Further resources on the 5S methodology
- The 5S Methodology in Research Data Management
- 5S Data: Setz dich auf deine 5 Buchstaben und organisiere deine Daten! (Coffee Lecture)
File naming
File naming convention
In order to maximise access to your data, to stay organised and to identify your files quickly, files and folders should be named in a meaningful and systematic way (LMA RDMWG, 2024a; Rehwald et al., 2022). A file naming convention provides a framework for naming your files and/or folders in a way that describes what they contain and how they relate to other files. This framework will help you, your future self, and others in a shared or collaborative group file-sharing environment to navigate your work more easily (LMA RDMWG, 2024a).
Thus, within your research group, we recommend (Biernacka et al., 2020; Bobrov et al., 2021; Bobrov et al., 2021; Bres et al., 2022) that you:
- Adopt a naming convention for files and folders.
- Document your file and folder naming convention.
- Stay consistent: the naming convention should be chosen in advance to ensure that it can be systematically followed and contains the same information (such as date and time) in the same order (e.g. yyyy-mm-dd) (Biernacka et al., 2020).
Criteria for a good naming convention
Avoid automatically generated names (e.g. from digital cameras) as they can lead to conflicting names due to repetition (Biernacka et al., 2020). A good naming convention produces file names that are human-readable, machine-readable, and play well with your system’s default ordering (Goldman, 2020a).
Human-readability
File names should be descriptive and provide just enough contextual information to establish a link to a particular experiment or data collection (Bobrov et al., 2021; LMA RDMWG, 2024a). To achieve this, you should choose names that reflect the content and are unique (Lindstädt et al., 2019).
Machine-readability
In some operating systems, long file paths can cause technical problems. Therefore, file names should be as long as necessary and as short as possible to keep them concise and readable on any operating system. It is recommended to limit file names to ≤ 32 characters (32CharactersLooksExactlyLikeThis.txt). Avoid using special characters (e.g. {}[]<>()* % # ‘ ; “ , : ? ! & @ $ ~), umlauts (ä, ö, ü, ß,…) or spaces (Biernacka et al., 2020). Periods should only be used before version numbers and file extensions, which should be preserved from the system (e.g. .ERL, .CSV, .TIF) (Lindstädt et al., 2019). You can use underscores (_), hyphens (-), or CamelCase instead to make file names both human- and machine-readable (LMA RDMWG, 2024a).

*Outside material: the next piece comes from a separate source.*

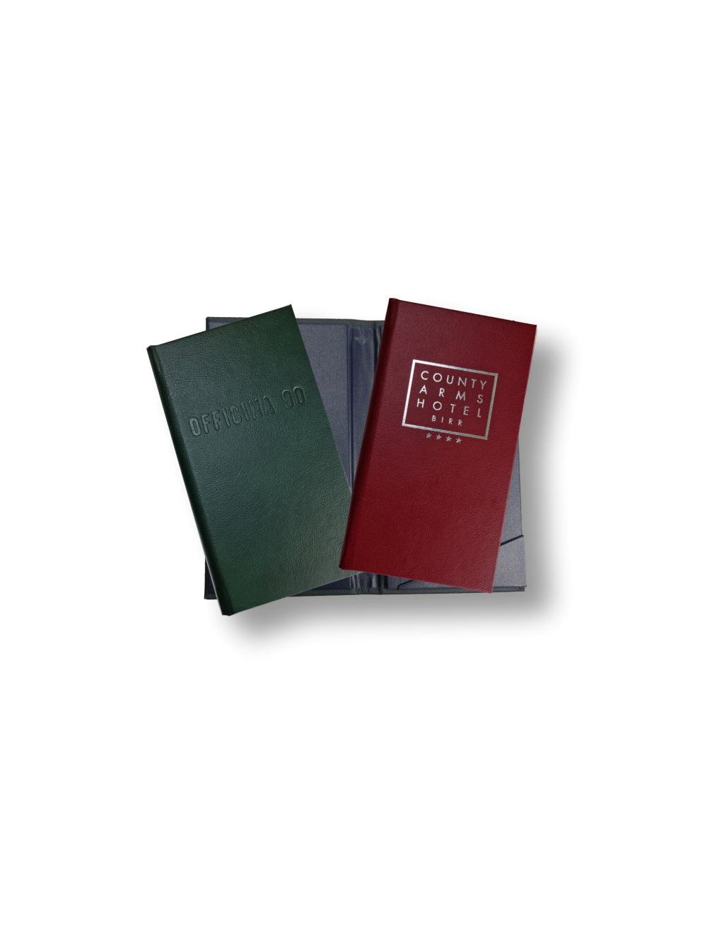 Our Edinburgh range of Bill Presenters are made using 85% genuine leather fibres, waste retrieved from tanneries. These Bill Presenters look, smell and feel like genuine leather.

Play well with default ordering
The computer organises files by name, character by character. To browse your files easily, you should choose names that can be sorted alphabetically, numerically or chronologically to ensure that the files appear in a logical order. If you want chronological order, start with a date in ISO 8601 format (YYYY-MM-DD or YYYYMMDD) (Briney, 2020; Lindstädt et al., 2019). When using sequential numbering, make sure to use leading zeros. For a sequence of 1-10: 01-10 and for a sequence of 1-100: 001-010-100. Scalability should be taken into account (e.g. if a two-digit file number is chosen, the number of files is limited to 99) (Biernacka et al., 2020).

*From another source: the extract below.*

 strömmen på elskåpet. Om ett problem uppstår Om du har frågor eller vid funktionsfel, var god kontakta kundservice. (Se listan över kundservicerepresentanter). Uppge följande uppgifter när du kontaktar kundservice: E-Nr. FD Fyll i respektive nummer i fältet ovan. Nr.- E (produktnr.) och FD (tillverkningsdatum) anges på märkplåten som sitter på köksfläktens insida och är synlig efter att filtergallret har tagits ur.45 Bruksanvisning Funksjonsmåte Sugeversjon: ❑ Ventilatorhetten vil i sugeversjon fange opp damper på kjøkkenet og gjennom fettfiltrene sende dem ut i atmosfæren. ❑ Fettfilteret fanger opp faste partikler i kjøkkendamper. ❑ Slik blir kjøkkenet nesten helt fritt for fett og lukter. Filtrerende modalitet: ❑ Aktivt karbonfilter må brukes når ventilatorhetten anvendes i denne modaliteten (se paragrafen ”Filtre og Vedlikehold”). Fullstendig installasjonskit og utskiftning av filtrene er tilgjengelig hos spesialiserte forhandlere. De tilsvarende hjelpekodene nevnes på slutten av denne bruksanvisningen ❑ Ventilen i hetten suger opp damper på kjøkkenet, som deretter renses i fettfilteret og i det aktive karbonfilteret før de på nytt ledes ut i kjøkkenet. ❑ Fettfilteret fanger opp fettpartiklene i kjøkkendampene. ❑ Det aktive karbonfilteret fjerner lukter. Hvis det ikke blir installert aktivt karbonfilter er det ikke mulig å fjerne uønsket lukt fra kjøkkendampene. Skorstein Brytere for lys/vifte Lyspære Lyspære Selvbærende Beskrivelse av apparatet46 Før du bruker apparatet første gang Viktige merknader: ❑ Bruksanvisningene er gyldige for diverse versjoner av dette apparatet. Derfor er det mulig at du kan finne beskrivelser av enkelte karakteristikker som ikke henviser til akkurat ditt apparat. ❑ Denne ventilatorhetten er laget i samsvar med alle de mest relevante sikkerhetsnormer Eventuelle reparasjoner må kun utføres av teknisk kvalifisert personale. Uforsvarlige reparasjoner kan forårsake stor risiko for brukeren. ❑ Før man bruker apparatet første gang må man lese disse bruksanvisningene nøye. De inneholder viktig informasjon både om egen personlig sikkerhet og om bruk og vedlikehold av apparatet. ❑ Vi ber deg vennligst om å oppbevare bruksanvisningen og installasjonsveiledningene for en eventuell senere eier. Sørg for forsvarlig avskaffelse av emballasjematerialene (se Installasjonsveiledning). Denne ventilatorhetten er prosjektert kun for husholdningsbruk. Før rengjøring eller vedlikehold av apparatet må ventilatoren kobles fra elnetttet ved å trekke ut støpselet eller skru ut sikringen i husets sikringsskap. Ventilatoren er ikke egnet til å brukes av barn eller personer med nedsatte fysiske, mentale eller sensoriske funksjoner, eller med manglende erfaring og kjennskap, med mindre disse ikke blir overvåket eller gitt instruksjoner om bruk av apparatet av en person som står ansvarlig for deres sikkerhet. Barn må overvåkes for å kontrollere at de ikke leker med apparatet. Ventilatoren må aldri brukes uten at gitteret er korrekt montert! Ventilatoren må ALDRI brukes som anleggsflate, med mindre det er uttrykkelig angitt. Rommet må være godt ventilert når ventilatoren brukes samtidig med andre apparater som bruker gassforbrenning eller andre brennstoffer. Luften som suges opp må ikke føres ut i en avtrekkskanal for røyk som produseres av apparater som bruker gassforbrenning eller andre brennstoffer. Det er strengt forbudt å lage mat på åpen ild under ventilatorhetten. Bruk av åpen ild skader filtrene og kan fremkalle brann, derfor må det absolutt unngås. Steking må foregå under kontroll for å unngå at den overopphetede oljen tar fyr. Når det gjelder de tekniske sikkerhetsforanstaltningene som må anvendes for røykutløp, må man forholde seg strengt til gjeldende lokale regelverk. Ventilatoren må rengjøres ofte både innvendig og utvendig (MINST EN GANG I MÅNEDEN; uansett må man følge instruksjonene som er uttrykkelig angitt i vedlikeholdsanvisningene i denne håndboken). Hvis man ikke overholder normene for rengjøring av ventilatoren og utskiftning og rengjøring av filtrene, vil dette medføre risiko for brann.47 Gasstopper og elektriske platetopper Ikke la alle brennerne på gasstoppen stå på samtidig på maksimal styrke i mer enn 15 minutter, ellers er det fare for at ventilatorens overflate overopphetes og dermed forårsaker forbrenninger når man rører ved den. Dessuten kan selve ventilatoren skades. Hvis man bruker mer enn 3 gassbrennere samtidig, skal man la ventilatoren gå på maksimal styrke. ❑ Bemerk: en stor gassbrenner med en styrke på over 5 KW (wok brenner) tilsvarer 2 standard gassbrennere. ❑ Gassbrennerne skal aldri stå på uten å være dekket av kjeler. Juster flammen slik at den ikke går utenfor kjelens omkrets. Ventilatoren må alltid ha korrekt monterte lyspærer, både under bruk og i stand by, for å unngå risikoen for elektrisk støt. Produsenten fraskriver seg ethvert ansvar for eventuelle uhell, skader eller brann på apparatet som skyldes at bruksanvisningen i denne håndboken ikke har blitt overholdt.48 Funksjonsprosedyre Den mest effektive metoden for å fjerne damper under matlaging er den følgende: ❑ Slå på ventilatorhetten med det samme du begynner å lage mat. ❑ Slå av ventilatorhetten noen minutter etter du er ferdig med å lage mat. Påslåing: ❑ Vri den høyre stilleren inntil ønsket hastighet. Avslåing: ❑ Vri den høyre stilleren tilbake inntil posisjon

Name components that are already part of the folder name do not have to be repeated in the file names (Biernacka et al., 2020). Also consider the system under which the file is stored for later access and retrieval of the data.
Examples of file names
Below are some examples of file names that are human-readable (if you know the code/abbreviations), machine-readable, and properly sortable (Bres et al., 2022):
- 2016-01-04_ProjectA_Ex1Test1_SmithE_v1.0.xlsx
- 2000_USNM_379221_01.tiff
- USNM_379221_01.tiff
Here are some examples of file names that need improvement (Bres et al., 2022):
- Test data 2016.xlsx
- Meeting notes Jan 17.doc
- Notes Eric.txt
Tools for simultaneous renaming of files
Multiple OS
Linux
Mac
Unix
- mv command
Windows
- Advanced Renamer
- Altap Salamander
- Ant Renamer
- Bulk Rename Utility
- ExifToolGUI
- Rename-It!
- Total Commander
- WildRename
Further resources on file naming
- File naming examples (Table 1)
- Information and steps for creating naming conventions
- Information about file naming
- Information on File Naming and Folder Hierarchy
- Information and examples for microscopy data
- File Naming Convention Worksheet
- Worksheet for Naming and Organizing Files
- Checklist for FIle Naming Conventions
- A detailed documentation of a File Naming Convention
File versioning
Versioning or version control is the practice of tracking and managing changes to a file or set of files over time so that you can later retrieve specific versions.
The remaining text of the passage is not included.